Buddhu calls in a sketch artist who draws two sketches based on the descriptions given, separately, by Aparna and Sushant. The sketches turn out to be completely different. Under intense grilling, Sushant discloses that Aparna could not bear children and the strain led to a mental breakdown. Titli is a hallucination, a figment of Aparna's imagination. Later in his room, Sushant tells Aparna that he cannot carry on the charade any more. Sushant later confesses to Buddhu that he and Aparna are not married and that they merely had an affair at the resort. He did not see Titli's face.

Back in his room, Sushant tells Aparna that he has kidnapped Titli at the behest of his friend who is Aparna's ex-husband. He threatens Aparna and rushes her out of the resort.
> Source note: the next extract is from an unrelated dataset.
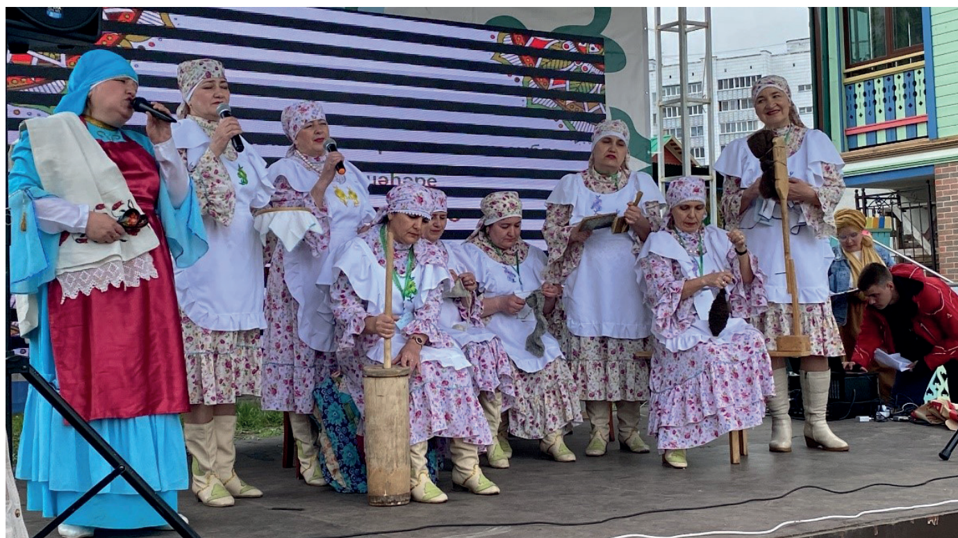
Выступление на «Илаһи моң», 2022 г.

Significantly, it is not shown how they managed to pass the front desk with three pieces of heavy luggage, and that too, when hotel staff, including hotel manager had already been accused of severe lapses by Inspector Buddhu. As they run through the forest, Aparna stops for a breath and asks for Titli. Sushant reveals that he did not know or kidnap Titli. Aparna now reveals that he was right. There was no 3-year-old but Titli does exist.
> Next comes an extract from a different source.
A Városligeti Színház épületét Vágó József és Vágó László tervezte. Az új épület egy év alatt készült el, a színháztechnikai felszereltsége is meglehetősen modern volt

An old man arrives at the resort and asks after his daughter Titli. Buddhu is puzzled. The old man shows a photograph of Titli, who turns out to be Aparna. It is revealed that she is a dangerous mental patient who managed to escape from an asylum. As the old man, Titli's natural father, reveals the story of how Titli ended up in the asylum, the film ends as the deranged Titli attacks and kills Sushant with a meat cleaver in the middle of the forest.

==Cast==
- Tabu as Aparna Dubey
- Manoj Bajpayee as Sushant Dubey a.k.a. Mr. Dubey
- Annu Kapoor as Ramkhilawan Buddhu, a tough natured Mauritius Police Investigation Officer.
- Priyanka Setia as Naina, a night shift receptionist
- Sunny Hawlader as Ontik
- Shruti Chandana as Shruti, a day shift receptionist
- Naveen Kaushik as Shankar, a hotel Manager
- Rajesh Jais as Ganga Narayan
- Kali Prasad Mukherjee as a mysterious guest in the hotel
- Sudeep Sarangi as a bellboy at the hotel
- V.M. Badola as Titli's father
- Manik Jha as the cruise captain

==Promotion==
The Film's release date was kept a secret as long as possible to reduce media interaction as the film makers feared plot revelations. The trailer was released by John Abraham.

==Music==
The film contained only one song. It is a lullaby, called "So Ja Re", and is composed by M. M. Keeravani. The lyrics are penned by Manoj Muntashir and it is sung by Tabu herself. On the screen, Tabu sings this lullaby to put her daughter to sleep.

==Critical reception==

Rachit Gupta of The Times of India criticized the acting performances along with the direction of the film and gave it a rating of 2 out of 5 calling it a "half-baked thriller". Saibal Chatterjee of NDTV called Missing a "flawed film" and gave it a rating of 3 out of 5 saying that the only reason to watch this film is provided by the commendable acting performances of Tabu and Manoj Bajpayee. Rohit Vats of Hindustan Times gave the film a rating of 2 out of 5 and said that the movie doesn't make a great impact as a thriller but Tabu and Manoj Bajpayee have given noteworthy performances. Shubhra Gupta of The Indian Express criticized the film calling it a "shoddy mess" and gave it a rating of 0.5 out of 5. Shrishti Negi of News18 appreciated the performances of Tabu, Manoj Bajpayee and Annu Kapoor but criticized the film for its inconsistent screenplay which she felt was filled with loopholes and gave it a rating of 2 out of 5.

==Box office==
Missing collected only ₹76 lakhs on its first week of release.